Further on, he bemoans the ‘plugging of theme-songs’ and the disruptive effects on the Society of unhelpful group behaviour, a theme he also picks up in letters to Roger Money-Kyrle, where he complains about Kleinian ‘propaganda’.

In the letter to his second analyst Joan Riviere, he expresses considerable distaste for Klein’s concept of envy.  This is preceded by a rather bitter complaint that Klein no longer listens to him. Thus,

‘After Mrs Klein’s paper [on Envy and Gratitude], you and she spoke to me and within the framework of friendliness you gave me to understand that both of you are absolutely certain that there is no positive contribution to be made from me to the interesting attempt Melanie is making all the time to state the psychology of the earliest stages. You will agree that you implied that the trouble is that I am unable to recognize that Melanie does say the very things that I am asking her to say. In other words, there is a block in me. This naturally concerns me very deeply and I very much hope you will give me a little bit of your time…’.

His hurt feelings did not prevent him, however, from sending notes about Klein’s paper and his areas of disagreement.  He feels she has ‘let herself down badly by making statements which it is very easy to pull to pieces’. Hardly surprising, then, that Klein and her followers were not that pleased with his comments.

By the time that he reviewed Klein’s Envy and Gratitude in 1959, Winnicott seemed less desirous of having a direct conversation with Klein, no doubt having finally realized it was not going to happen.
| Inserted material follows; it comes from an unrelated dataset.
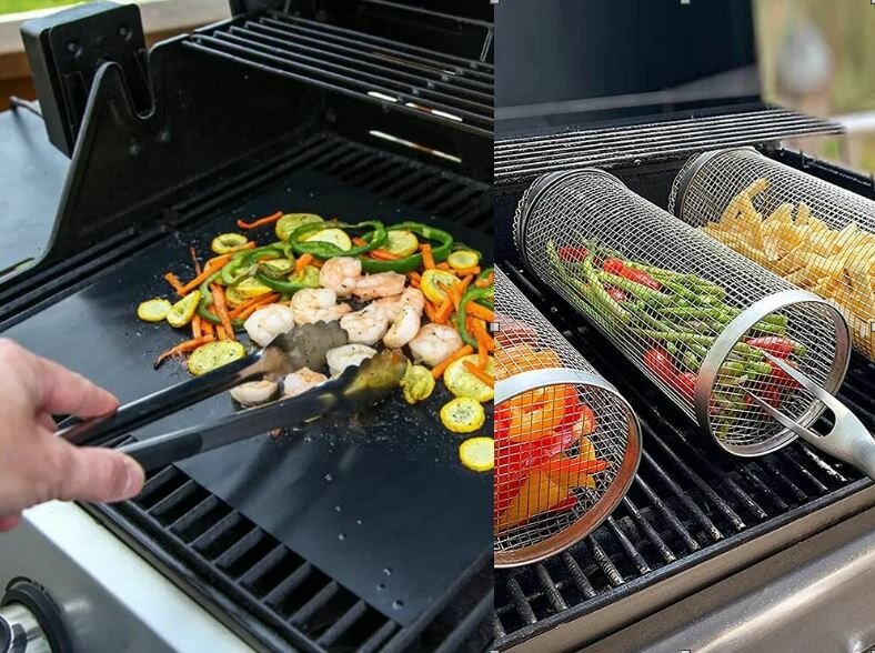 Купить Набор для гриля и барбекю: Антипригарный Коврик и Корзина из нержавеющей стали

He makes a clear distinction between their approaches. He sees envy as a sophisticated phenomenon, implying a high degree of ego-organisation. He also states that if ‘envy is described as an infantile characteristic without any mention of the behaviour of the object and all that that implies, then I consider that something is wrong. Talking about infants is not the same as talking about primitive stages in the emotional development of persons as seen in the study of patients.’
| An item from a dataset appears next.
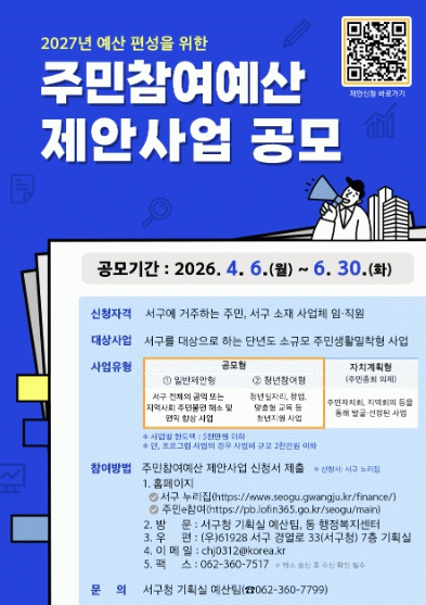 공모는 서구 주민과 서구 소재 사업체 임직원이 참여할 수 있다. 제안은 서구 누리집(구정살림-주민참여예산제-제안사업신청)을 통한 온라인 신청과 우편·전자우편·팩스·방문 접수 등으로 가능하다. 자세한 사항은 서구청 기획실 예산팀(062-360-7799)으로 문의하면 된다.

While Winnicott could see that the baby may ruthlessly attack the mother’s body, he is adamant that ‘it is another Kleinian mistake…to talk about the infant apart from the mother’s care of the infant,’ (Letter to Barbara Lantos.}

One of course gets glimpses of Winnicott’s personality in these letters, his independence of thought, his wish to share whatever has been sparked off while listening to a paper, regardless of whether or not the person he writes to wants his opinion, and at this period a certain amount of insecurity and sadness about no longer being close to Klein. But by the end of this period, he seems finally to have become secure in his own thinking. It is a period that lays the foundation for his last phase of work, where he brings together his thinking; it is then, one might say, that Winnicott’s true analytic self finally becomes established.